Otherwise, I see a huge amount of communication traffic being used and possibly causing other devices to not get a signal if needed.


----------



## sb47 (Nov 11, 2019)

You might try a child tracking device people use to keep track of there kids and or teens that take daddy's car out for the weekend. I'm sure there is a fee attached to them as well.


----------



## misfitecho (Jul 17, 2021)

Hey guys so update to this. Get the Apple AirTag, remove the speaker (super easy, takes 2 min). And place in equipment. It's small enough to stick under the hood with some double-sided tape. Batteries last a year. 

It says it will alert someone if it's been following them, but ive been tracking the fiance for a week and it hasent said anything. She placed the tag in her car, so we could test it. I currently use it as a tracker in my own car. After seeing how well it's been working, I'm going to pick up several more and place them in my tool boxes, gun bags. 
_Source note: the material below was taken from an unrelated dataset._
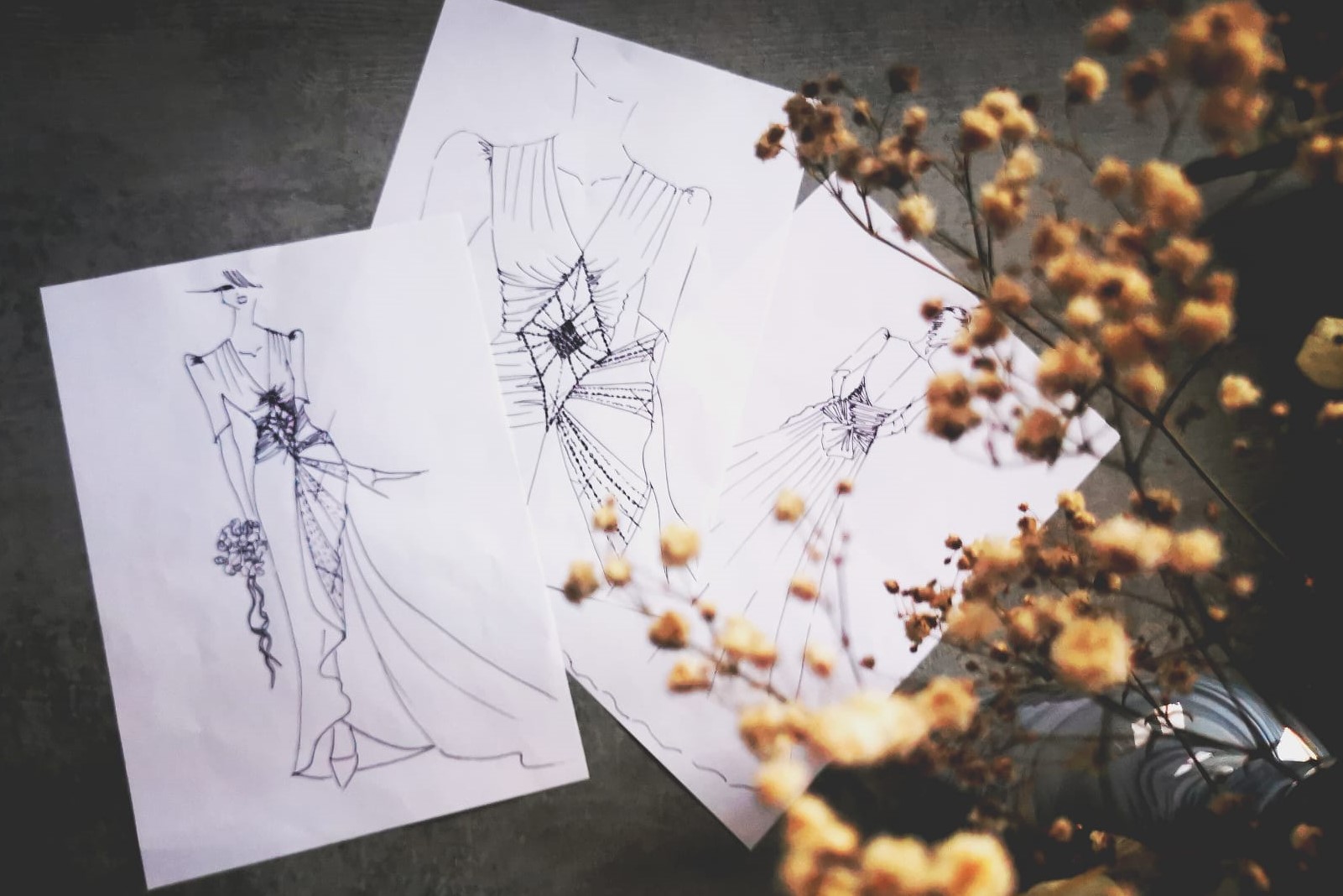 Ancora ricordo bene la scena: chiesi alla parrucchiera un foglio che prese dal quaderno del figlio mentre faceva i compiti lì accanto, presi carta e matita e iniziai a disegnare. Non ci crederai mai, ma dopo poco avevo finalmente trovato il mio abito! Un tubino con questo dettaglio del ventaglio sul fianco che tanto mi aveva affascinato.

For 29 bucks its cheap insurance. 








AirTag


Attach AirTag to everyday items, like your keys or a backpack, to easily keep track of them in the Find My app.



www.apple.com




(remove the speaker) 
(hide and go seek on motorcycles with airtag)


----------



## K-techcowboy (Dec 1, 2021)

Mtrstump said:


> Does anyone know of a gps tracking device that can be mounted on equipment. I want one that can be tracked by smart phone. I have done an exhaustive search on the Internet, and all I find is gps with a monthly contract, where if your equipment is stolen the maker of the device will track it for you and call the police. It seems as though you should be able to do it yourself and not pay a monthly fee. I think there is a huge market for this. I can't understand why it's not available


Ebay


----------